## What you should do
Omit all pictures, then retype the data exactly as given.
*** Input data ***
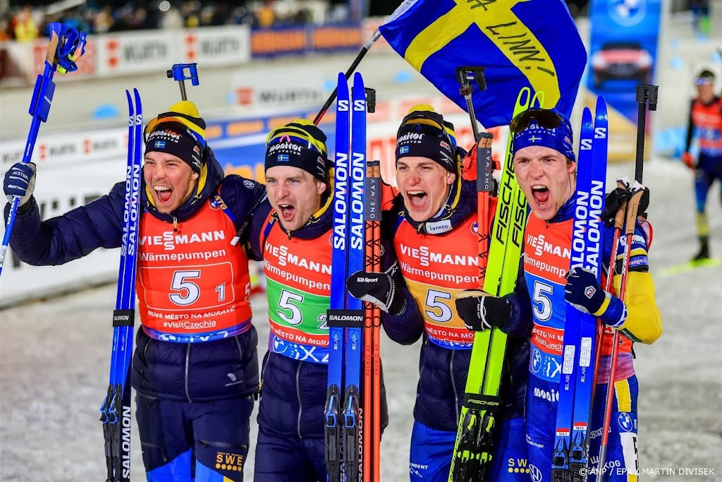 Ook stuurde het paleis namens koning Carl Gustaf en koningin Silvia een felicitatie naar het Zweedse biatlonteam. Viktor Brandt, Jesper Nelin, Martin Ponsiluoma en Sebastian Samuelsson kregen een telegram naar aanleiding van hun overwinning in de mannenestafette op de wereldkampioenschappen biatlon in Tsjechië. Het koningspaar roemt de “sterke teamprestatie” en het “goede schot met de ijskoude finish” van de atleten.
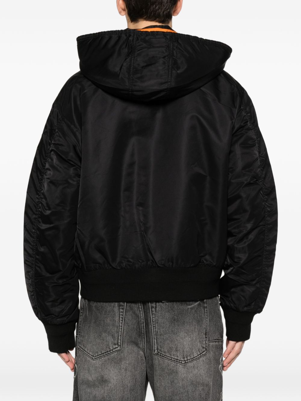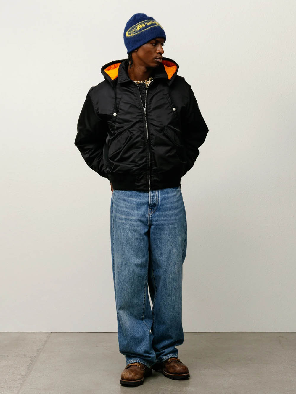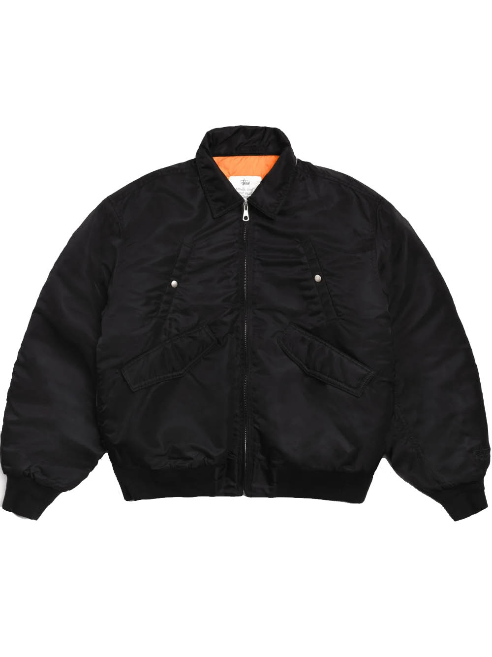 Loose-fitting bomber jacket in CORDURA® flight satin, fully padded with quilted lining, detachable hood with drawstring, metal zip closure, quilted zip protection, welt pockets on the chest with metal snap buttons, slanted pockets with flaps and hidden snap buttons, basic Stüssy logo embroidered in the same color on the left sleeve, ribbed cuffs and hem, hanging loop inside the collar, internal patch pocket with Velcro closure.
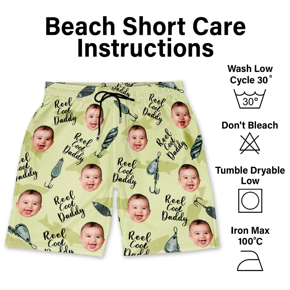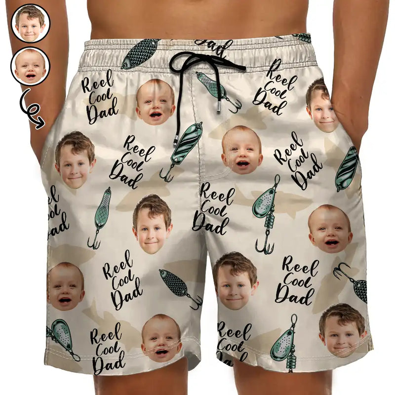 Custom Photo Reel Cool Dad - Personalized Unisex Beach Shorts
*** End of Input data ***
## Expected answer
 Ook stuurde het paleis namens koning Carl Gustaf en koningin Silvia een felicitatie naar het Zweedse biatlonteam. Viktor Brandt, Jesper Nelin, Martin Ponsiluoma en Sebastian Samuelsson kregen een telegram naar aanleiding van hun overwinning in de mannenestafette op de wereldkampioenschappen biatlon in Tsjechië. Het koningspaar roemt de “sterke teamprestatie” en het “goede schot met de ijskoude finish” van de atleten.
 Loose-fitting bomber jacket in CORDURA® flight satin, fully padded with quilted lining, detachable hood with drawstring, metal zip closure, quilted zip protection, welt pockets on the chest with metal snap buttons, slanted pockets with flaps and hidden snap buttons, basic Stüssy logo embroidered in the same color on the left sleeve, ribbed cuffs and hem, hanging loop inside the collar, internal patch pocket with Velcro closure.
 Custom Photo Reel Cool Dad - Personalized Unisex Beach Shorts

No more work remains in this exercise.